No dia 22 de julho de 2009, o presidente Lula recebeu no Palácio do Planalto uma delegação de lideranças indígenas e sociais, representantes da comunidade científica e o bispo da Prelazia do Xingu, Dom Erwin Kräutler para uma audiência sobre a controversa megahidrelétrica de Belo Monte. Na ocasião, os representantes da sociedade civil expuseram ao presidente uma série de questionamentos sobre os enormes riscos e impactos socioambientais de Belo Monte, bem como sobre a duvidosa viabilidade econômica do empreendimento.
Ao final da reunião, Lula deu a sua palavra de que o governo federal “não enfiaria Belo Monte goela abaixo” de povos indígenas, movimentos sociais e outros grupos da sociedade brasileira. Assim, ele afirmou que o governo estava aberto ao diálogo e, como um primeiro passo, seriam providenciadas respostas imediatas aos questionamentos sobre:
• impactos sociais e ambientais do Complexo Belo Monte sobre os povos indígenas, ribeirinhos e outras populações locais da bacia do Xingu, especialmente no trecho de 100 km da Volta Grande do Xingu, que pode vir a ficar praticamente sem água com o desvio do rio;
• a ineficiência energética do projeto, que produziria uma media anual de apenas 40% da capacidade instalada e, em boa parte do ano operaria com menos de 20%, ou até mesmo menos de 10%, em função da forte sazonalidade do rio Xingu;
• o valor dos investimentos necessários para o empreendimento e a sua viabilidade econômica, considerando os custos de construção, a reduzida capacidade de geração de energia e os reais custos de prevenção e mitigação de impactos socioambientais;
• a tarifa a ser cobrada da população brasileira pela energia produzida por Belo Monte, assim como a utilização da mesma para subsidiar industrias eletro-intensivos, sobretudo para a fabricação de alumínio; e
• garantias efetivas de que não serão construídas outras usinas no Rio Xingu, Altamira, Pombal e São Felix do Xingu, que teriam impactos sociais e ambientais cumulativos muito maiores, sobretudo para os povos indígenas.
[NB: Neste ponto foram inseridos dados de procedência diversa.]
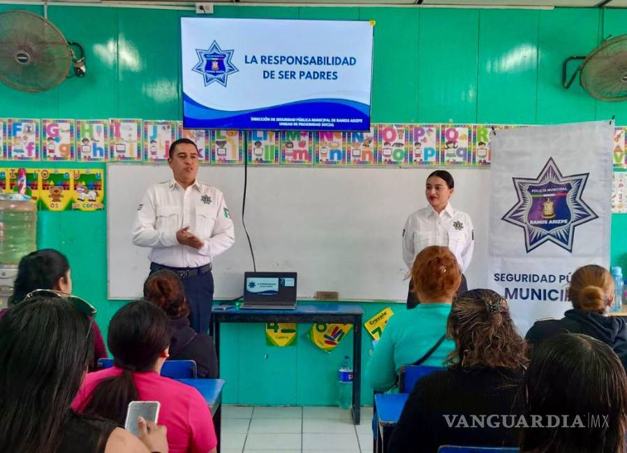 Como parte de su estrategia semanal de prevención social del delito, la Dirección de Seguridad Pública Municipal, a través de la Unidad de Proximidad Social, impartió pláticas dirigidas a madres y padres de familia en planteles de educación primaria de Ramos Arizpe, bajo el tema “La Responsabilidad de Ser Padres”.

Desde a reunião de julho de 2009, o comportamento do governo federal tem sido o oposto daquele que foi prometido pelo presidente Lula. Enquanto todos os questionamentos acima ficaram sem resposta, o governo simplesmente tem se recusado a dialogar com a sociedade civil e outros atores, inclusive negando-se a participar de audiências públicas sobre Belo Monte organizadas em Brasília pelo Ministério Público Federal e pelas Comissões de Direitos Humanos da Câmara dos Deputados e do Senado.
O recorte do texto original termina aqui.